Effects of nuclear genetic relatedness and phylogenetic mitochondrial lineage on competitive fertilization success

Fixed effect Estimate Χ2 P
Nuclear relatedness −0.35 [–1.32, –0.02] 3.92 0.047
Mitochondrial lineage 0.35 [0.22, 0.65] 15.52 <0.001

Effects estimated from generalized linear‐mixed effects models of the proportion of eggs successfully fertilized by the focal male (with logit link function), with fixed effects of nuclear relatedness and mitochondrial lineage and random effects of focal male ID, focal female ID, and experimental block. The final model did not include the interaction term of the fixed effects, as the interaction was nonsignificant in the full model (Wald χ2 = 0.93, P = 0.335) and its inclusion reduced model fit (see Table S6; although significance of the main effects did not change with inclusion of the interaction). The fixed intercept of the model was significantly negative (intercept = –1.58 [95% CIs = –1.95, –1.22], Wald Z = –9.08, P < 0.001). Nuclear relatedness of focal male and focal female pairs was estimated from microsatellite loci using maximum likelihood (higher values = more closely related). Mitochondrial lineage (Northern or Southern Hemisphere) was assigned based on female‐type CO1 sequences, with focal male and focal female pairs scored as belonging to different or same lineage (estimate represents the mean change in fertilization success on the latent scale from different to same lineage). Hypothesis tests of main effects were conducted using Wald χ2 tests (d.f. = 1 for each effect).

Discussion

Our results reveal that differential attraction of sperm up a chemical gradient can act as a mechanism of gamete‐level mate choice. To our knowledge, this is the first direct evidence that egg chemoattractants influence intraspecific sperm competition, supporting the previously documented differential effects of egg chemoattractants on sperm swimming direction (Evans et al. 2012), sperm motility (Oliver and Evans 2014), and sperm physiology (Kekäläinen and Evans 2016). We show that the effect of chemoattractants on competitive fertilization success depends upon the particular combination of focal male and focal female, specifically favoring certain genetic combinations over others. Previous work on this system has shown that the strength of sperm chemotactic responses for any given male–female pairing is positively correlated with offspring survival (Oliver and Evans 2014). These previous findings, together with the present results, suggest that egg chemoattractants allow females to promote fertilization by more compatible males when multiple ejaculates compete. This provides rare insight into the mechanisms used by females to gain control over the outcome of sperm competition.

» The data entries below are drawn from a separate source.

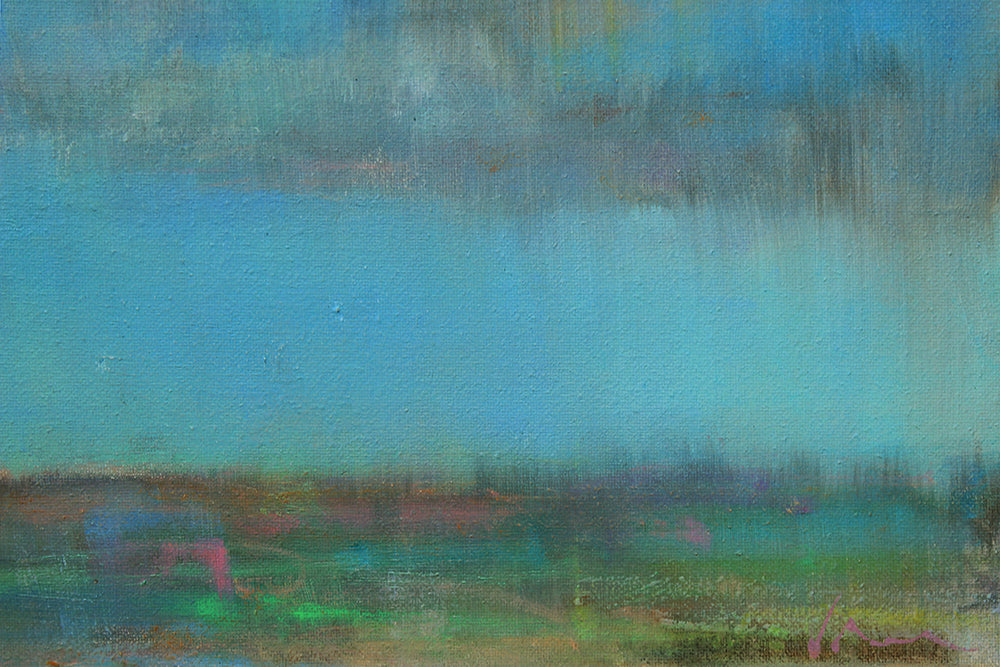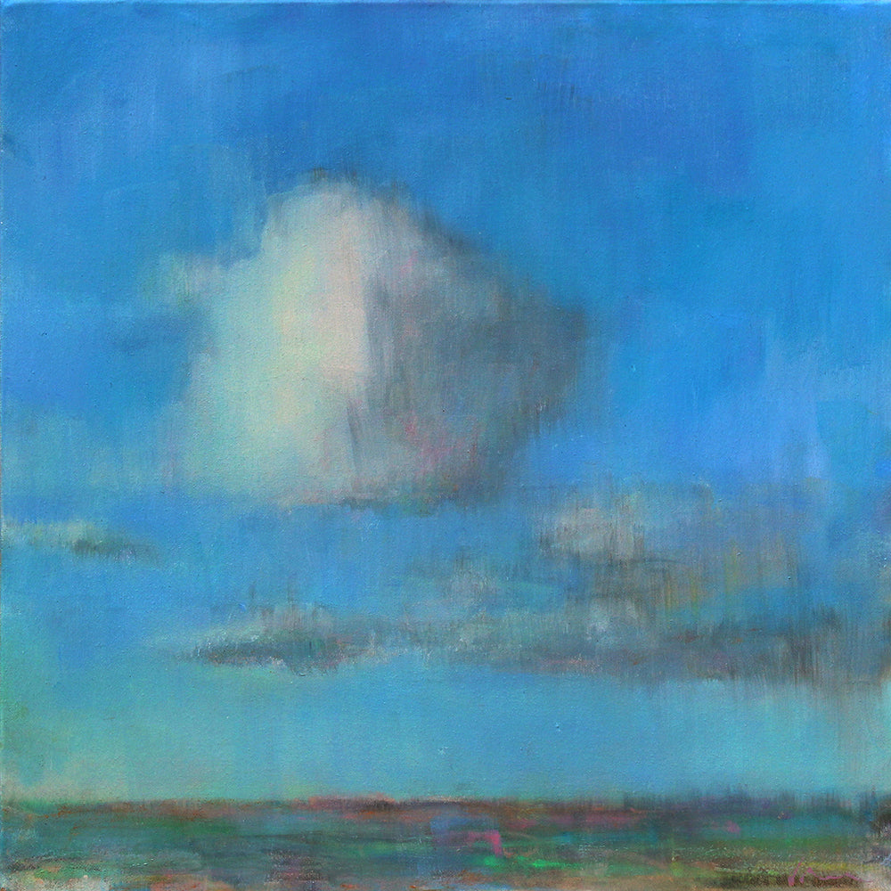 'Floating On A Cloud' is a signed, oil painting on wood by Elaine Murdock framed in an oak tray frame.
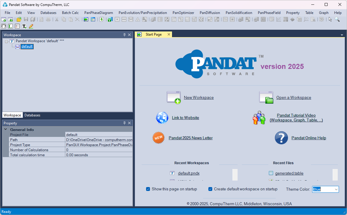 on the toolbar. On the start page, there are shortcuts which allow user to create a new workspace and open an existing workspace, link to CompuTherm’s webpage (www.computherm.com) for recent updates and for comments and discussions from Pandat user. It also lists the most recent workspaces and files the user has created, so that user can reopen them easily.
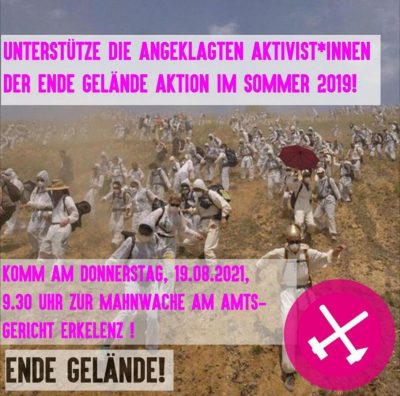 17. August 2021 Gerichtsverhandlung am 19.08 um 10 Uhr in Erkelenz. Anklagepunkt: Hausfriedensbruch im Braunkohletagebau Garzweiler im Juni 2019. Kommt ins Gericht oder zur Kundgebung vor dem Gericht in Erkelenz! Repression trifft einzelne, gemeint sind wir Alle! Weiterlesen ...
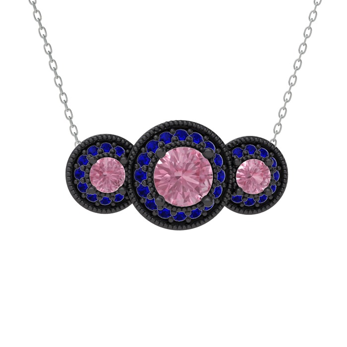 Pembe kuvars ve lab safir 925 ayar siyah rodyum kaplama gümüş kolye (40 cm gümüş rolo zincir)
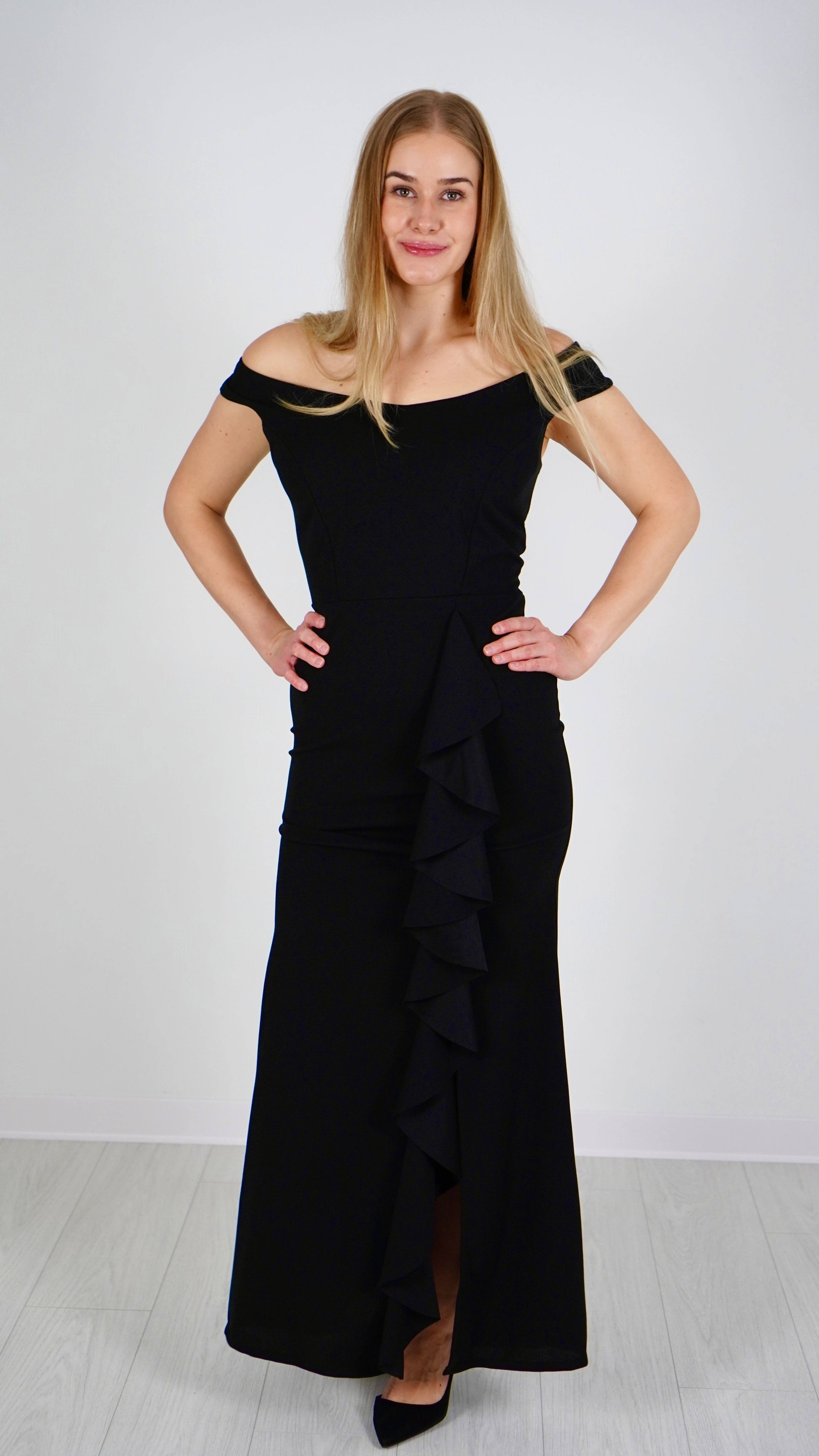 Sukienka Elegancka z Falbaną Czarna MERMIO Maxi

Our results complement and extend recent evidence that female reproductive fluids more broadly can have important roles in gamete‐level sexual selection. In particular, there has been considerable interest in the ovarian fluid (OF) produced by various female fishes. In externally fertilizing salmonids, for example, OF released with eggs can differentially mediate the swimming speed of conspecific sperm depending on the particular male–female pairing (Urbach et al. 2005; Rosengrave et al. 2008; Butts et al. 2012). Although OF has yet to be implicated in intraspecific gamete‐level mate choice in salmonids (Evans et al. 2013), it has been shown to promote fertilization by conspecific sperm when in competition with those of sister species (Yeates et al. 2013). Intriguingly, however, there is evidence from an internally fertilizing poeciliid fish that OF within the female's reproductive tract can selectively bias fertilization in favor of sperm from unrelated males over related males (Gasparini and Pilastro 2011). Recent work on an externally fertilizing wrasse has also shown that OF can bias competitive fertilization success toward dominant “nest” males (i.e., directional cryptic female choice; Alonzo et al. 2016). Our findings for mussels complement these prior studies by showing that egg chemoattractants similarly play an important role in mediating intraspecific sperm competition, thus exposing a previously unforeseen mechanism of sexual selection that may occur more broadly in other taxa. We suggest that further investigation into the effects of female reproductive fluids, including egg chemoattractants, across a broader range of taxa will provide fruitful mechanistic insights into gamete‐level mate choice.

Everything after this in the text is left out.